In March, 2015, Symbid relaunched its website and rebranded as Symbid, The Funding Network. Previously an equity crowdfunding platform, as of March 2015 Symbid began offering other financial products and services for start-ups and small businesses including financial advice, monitoring and traditional and alternative financing options. In addition to a redesigned website, Symbid released a new monitoring product based on XBRL data.

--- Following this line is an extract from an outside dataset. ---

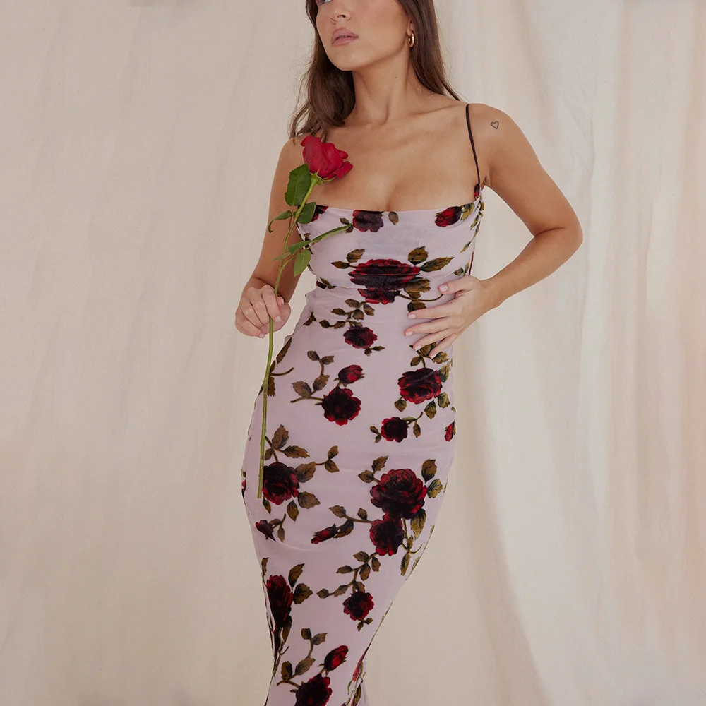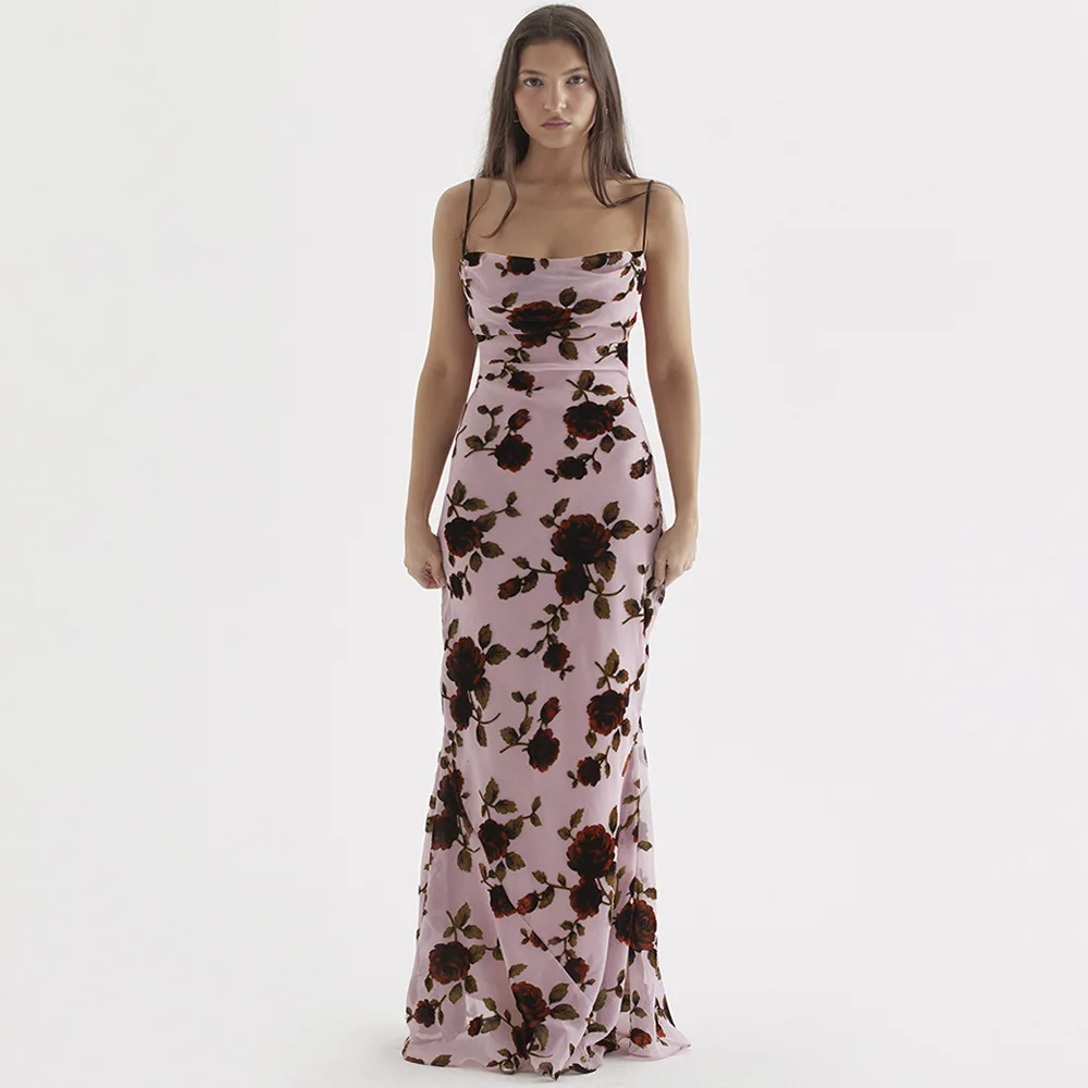 European American Wholesale 2023 Sexy Mesh Print Dusty Print Holiday Backless Women Dress
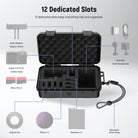 - 12 Dedicated Slots- 12 slots keep everything tidy and organized. 1x slot for Action 5 Pro/4/3 camera body; 1x slot for quick release adapter mount; 2x slot for micro SD cards; 3x slot for batteries; 1x slot for the original lens; 3x slot for filters; 1x slot for assorted small accessories (cables, action camera adapters, fill lights, and others). Compatible with DJI Osmo Action 5 Pro Adventure Combo accessories

As of March 2015, Symbid claims to have connected 30,000 private (crowdfunding) investors and 40 institutional investors to The Funding Network, plus other online funding platforms active in niche industries, such as FarmersFunding. Following the launch, on 24 March Symbid and Economic Board Utrecht (EBU) announced a partnership to provide local, sustainable initiatives with loan capital via The Funding Network. EBU has committed $1 million in growth capital to entrepreneurs on The Funding Network in 2015.

=== Symbid Italia venture ===
Symbid announced the incorporation of Symbid Italia on 10 March 2015, in partnership with Gruppo Banca Sella. In 2016, Symbid Italia was deemed economically inviable and on April 29, 2016, a shareholders meeting determined to liquidate Symbid Italia.

=== Financial troubles ===
In 2014 and 2015 Symbid reported low turnover ($267,358 and $282,155 respectively) and a net loss of $2,821,794 (2014) and $2,299,275 (2015). In April 2015 the complete non-executive board of directors resigned in what Symbid reports as a "differences with remaining management concerning the Company’s strategic direction". Also in April 2016 it was reported that Symbid made their development team redundant. More losses of $2,005,751 in the first half year of 2016 "raise substantial doubt about the Company’s ability to continue as a going concern". On October 12, 2016, the remaining three directors decided to reduce their salary to zero,"retroactive to August 1, 2016". They also stated that "the company is investigating the options available for further cost reductions.".

At the same time, Symbid will have to apply for a license as investment firm under the MiFID to continue equity based crowdfunding activities as required by the Dutch AFM, the Netherlands Authority for the Financial Markets, for all equity-based crowdfunding activities.